All this smoke had coloured the sky orange, you could look at the sun with your bare eye as the pale disc moved behind the smoked sky and another night began. I shed my fireproof suit, rub the Vaseline away from my face and get into the Hyundai Sonata. Its Cherry Red paint was now covered in a layer of ash like delicate snow. The windshield wipers smeared the ash across the glass, giving the disaster view an extra grottiness and I start coughing. Maybe I needed to quit vaping. Maybe I needed a delicious, cold glass of beer. But maybe most of all maybe I shouldn’t translate a minor inconvenience into a full-blown medical disaster that required radical lifestyle changes. Coughing is a good sign if anything, shows that the lungs are cleaning themselves. For the person who doesn’t cough regularly, it does beg the question – what have you got lurking in there? Are your bronchial tubes submerged in such a thick layer of mucus that your lungs are unable to cough? I cough again for good measure before driving down the street in the hopes of finding a bar, or at least a burger joint. I had forgotten to eat again. As I puzzled over when I last had a burger, I almost crashed into an ICE agent spooling barbed wire across the road.

“What the fuck you doing, asshole?” he yells at me, going for his gun. As he lets go of the barbed wire it bounces back like a spring, wrapping up two of his colleagues in the slinky-like coils of wire, catching and pulling them together.

“Help.” One says. The way he says it reminds me of a sheep and I start giggling, trying to control myself, to take the situation seriously. The ICE agent I nearly hit runs over towards them, hopping from one foot to the other asking them what he should do.

“You should get some wire cutters.” I shout at him from my car.

“Nobody asked you, baldy.” He’s right. I was bald, though only temporarily. Yet it seemed as if being bald made people more likely to hate you, just as children hate other children who wear glasses. As I considered the stigma of bald men who have glasses, the ICE agent tried to help pull one of his colleagues out also started pulling the barbed wire tighter to the other agent, who was screaming at him to stop. Very soon the man helping them also became trapped in the barbed wire, leaving the three of them to shout at me to get help from the bloodied nest they found themselves in. I flipped them off instead, laughing as I drove away. How foolish to ask for help in America in the year 2025. Did they think I was a communist?

I’m sat in a bar with a broken window, giving a perfect view of the orange sky reflecting on the rolling Pacific.

“I gotta say…L.A. is one hell of a city.”

“It sure is bub. Want another?” says the bartender. I catch the bottle she sent skidding along the bar, taking a deep drink of the cold beer, feeling it land in my stomach. Nothing like drinking eight or so beers to help make you appreciate the little things in life.

“Mind if I smoke?” I say.

“Only if I can have one.” She says. I flick over the pack and we smoke cigarettes and look out from the broken glass, across the street and out to the ocean.

“Do you like moral dilemmas?” I ask.

“Sure! Hit me.”

“Would you rather save one good person or a hundred evil people?”
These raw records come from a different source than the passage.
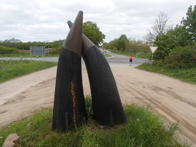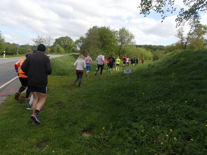 Hauptstraße / Ochsenweg Dannewerk 9.52 Uhr Das Danewerk (dänisch: Danevirke) ist eine sehr komplexe Befestigung, die schon um 700 errichtet und noch im deutsch-dänischen Krieg von 1864 genutzt wurde. Da war es kein Wunder, daß bei diesem Marathon auf historisch dänischem Boden 16 von den 25 Läufer aus Dänemark kamen. |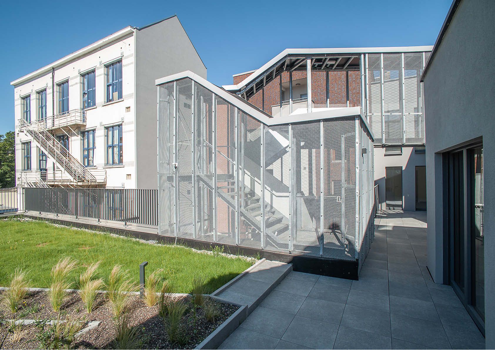 Un bardage en tôles d’acier nervurées et perforées a quant à lui été utilisé pour le volume supérieur marquant l’angle du projet et de la rue, avec la création d’un rythme alterné de perforations et d’ondulations de la tôle, donnant un aspect de légèreté aléatoire à la façade. L’escalier extérieur menant aux entrées des différents logements est constitué d’une structure en acier galvanisé de près de 3 tonnes et est enrobé d’une maille métallique.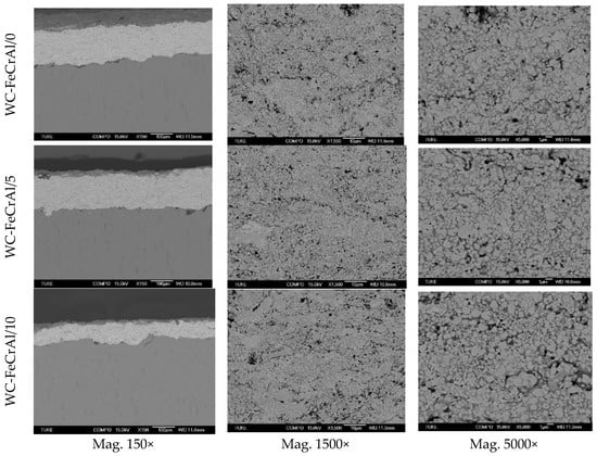 Figure 17 and Figure 18 show the WC-FeCrAl and WC-WB-Co coatings’ microstructures at various magnifications and numbers of thermal cycles.

“The one good one.” She says.

“Yeah…ain’t that a shame for the hundred though? How evil we talking? Who defines what evil is, you know?”

“I thought for it to be a dilemma that they would be evil, otherwise you’d just pick the hundred regular people.” She says, tapping ash into an empty glass.

“Do you think evil people can change?”

“I don’t know. Some people don’t want to change. But I guess that’s why we have prison rather than just killing people that do wrong. Time changes people.”

“It does.”

“What would you pick? The hundred evil people?” she asks. I laugh, embarrassed.

“No, no, I’d also save the one good person. I know how evil people can be.” I say. The sky begins to red as night begins to arrive and I drive back to my motel, hoping to get inside in time. On the way there I pass a family walking barefoot, carrying their belongings in Walmart bags, seeming as if they moved like stop motion, not making sense. Overhead a helicopter flies by and a siren wails from beneath, warning that the curfew was in effect. It looked like there were no stars in the sky and I was alone.